Evaluation of Viability. The success of the Pensieve Mechanism and the test case ECF platform is essentially a qualitative measurement of how factual and valuable the information documented with the platform's mechanism is regarded by community users. Hence, more research is needed to understand the quality of engagements, the subsequent timeliness, and the referential value of information provided by collective efforts via the platform.
Limitations in in “Merits" and"Contribution" recognition: The ECF platform begins to prioritising the allocation of weight to users whose claims can be backed by immutable proofs on fully decentralised blockchains, or from credible sources verifiable by decentralised systems including the ECF platform itself after deployment. This is due to the fact that verification must be of least cost possible and without the need for human intervention for auditing proofs and evidence from sources more centralised and opaque.
Spam. The balance between frictionless user experience and quality contribution is a fundamental long-term challenge, and platform protection against attacks and quality degradation must not come at the expense of user privacy.

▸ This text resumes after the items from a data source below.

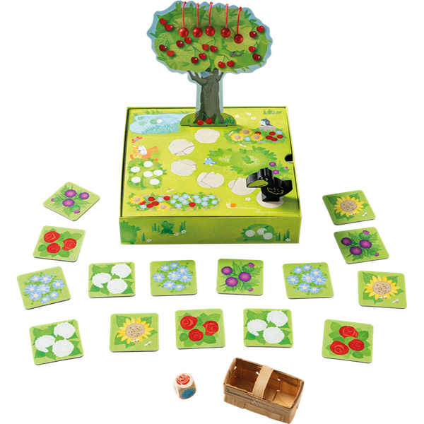 L’élégant cerisier en 3D croule sous les fruits délicieux, que les joueurs doivent cueillir avant que l’effronté corbeau n’arrive pour voler les fruits. Le dé de couleur captivant indique si l’on peut mettre des cerises dans le panier à fruits ou si le corbeau approche.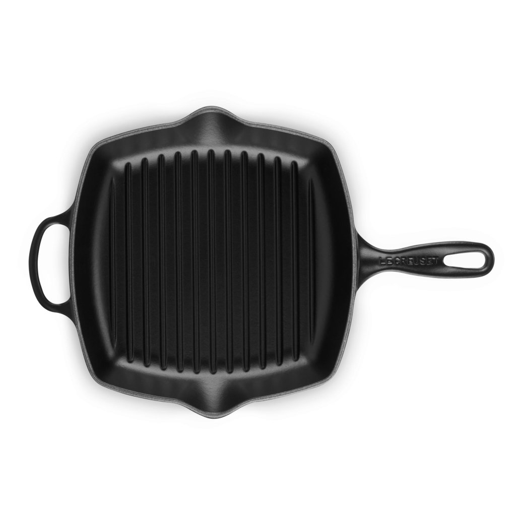 - Neliönmuotoinen valurautapannu grillipannu Le Creuset, väri SATIN BLACK , sopii erinomaisesti lihan, kalan ja vihannesten nopeaan hauduttamiseen ja niiden maun ja mehukkuuden säilyttämiseen.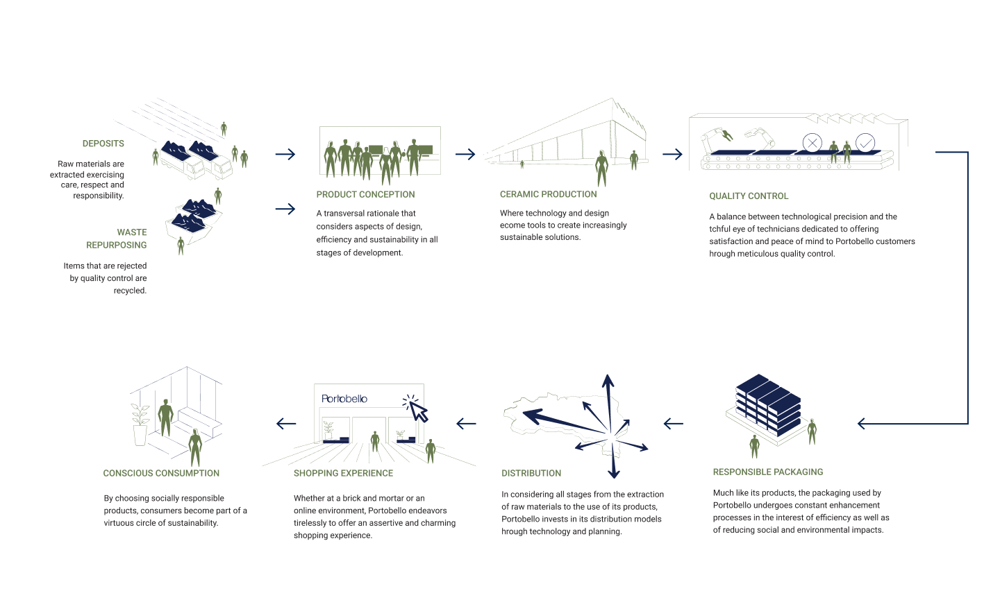 Portobello takes an integrated approach to sustainability, focusing on environmental, social, and economic factors. We have a conscious and regenerative manufacturing process in place. As we grow, we continually emphasize sustainability, striving to implement best practices and inspire a more sustainable future across the entire supply chain.

Invasion of privacy. Only information that users choose to broadcast across networks and share via interactive features is stored and published by the platform (e.g., content sharing, messaging and commenting functionalities, etc.). Any information users provide using the platform's sharing features ("User Content") will be accessible to other users with whom they share. It is unavoidable that a system that records immutably the sensitive information of personal privacy will continue to harm the user. The platform is obligated to:
Warn users about disclosing information, whether it is their own or someone else's, and,
Research and develop designs leveraging zero-knowledge proof to provide greater protection even when users are asked to disclose in social scenarios on the platform.